Computer Science Department, Rice University, Houston, TX.
Mol Biol Evol. 2020 Jun 1;37(6):1809-1818. doi: 10.1093/molbev/msaa045.
Species tree inference from multilocus data has emerged as a powerful paradigm in the postgenomic era, both in terms of the accuracy of the species tree it produces as well as in terms of elucidating the processes that shaped the evolutionary history. Bayesian methods for species tree inference are desirable in this area as they have been shown not only to yield accurate estimates, but also to naturally provide measures of confidence in those estimates.
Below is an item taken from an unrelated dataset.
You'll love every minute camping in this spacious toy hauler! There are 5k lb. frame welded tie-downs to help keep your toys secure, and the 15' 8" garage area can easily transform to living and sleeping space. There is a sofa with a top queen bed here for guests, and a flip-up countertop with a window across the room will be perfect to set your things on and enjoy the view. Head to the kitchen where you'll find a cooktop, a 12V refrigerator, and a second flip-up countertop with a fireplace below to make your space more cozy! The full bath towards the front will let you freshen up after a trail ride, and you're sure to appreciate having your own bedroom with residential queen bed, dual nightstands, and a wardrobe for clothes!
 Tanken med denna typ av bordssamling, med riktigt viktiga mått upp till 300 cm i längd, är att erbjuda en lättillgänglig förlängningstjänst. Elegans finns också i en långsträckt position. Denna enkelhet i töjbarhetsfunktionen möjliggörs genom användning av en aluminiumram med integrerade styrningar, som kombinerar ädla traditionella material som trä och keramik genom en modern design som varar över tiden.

However, the heavy computational requirements of Bayesian inference have limited the applicability of such methods to very small data sets. In this article, we show that the computational efficiency of Bayesian inference under the multispecies coalescent can be improved in practice by restricting the space of the gene trees explored during the random walk, without sacrificing accuracy as measured by various metrics. The idea is to first infer constraints on the trees of the individual loci in the form of unresolved gene trees, and then to restrict the sampler to consider only resolutions of the constrained trees. We demonstrate the improvements gained by such an approach on both simulated and biological data.
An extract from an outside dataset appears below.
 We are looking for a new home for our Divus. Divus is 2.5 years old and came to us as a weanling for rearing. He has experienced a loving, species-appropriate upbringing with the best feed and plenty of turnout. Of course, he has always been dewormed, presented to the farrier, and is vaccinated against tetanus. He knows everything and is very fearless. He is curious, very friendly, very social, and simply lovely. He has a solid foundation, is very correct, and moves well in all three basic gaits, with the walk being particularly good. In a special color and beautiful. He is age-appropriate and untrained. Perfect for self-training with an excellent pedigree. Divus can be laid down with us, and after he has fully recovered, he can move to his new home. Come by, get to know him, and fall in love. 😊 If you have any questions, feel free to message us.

从多基因座数据推断种系发生树已成为后基因组时代的一种强大范例,无论是在产生的种系发生树的准确性方面,还是在阐明塑造进化历史的过程方面。在这个领域,贝叶斯种系发生树推断方法是理想的,因为它们不仅能够产生准确的估计,而且还能够自然地为这些估计提供置信度的度量。然而,贝叶斯推断的繁重计算要求限制了这些方法在非常小的数据集上的适用性。在本文中,我们表明,通过在随机漫步过程中限制所探索的基因树的空间,而不牺牲各种度量标准所衡量的准确性,实际上可以提高多物种合并模型下贝叶斯推断的计算效率。这个想法是首先以未解决的基因树的形式推断出各个基因座的树的约束,然后限制采样器只考虑受约束树的分辨率。我们在模拟和生物数据上展示了这种方法所获得的改进。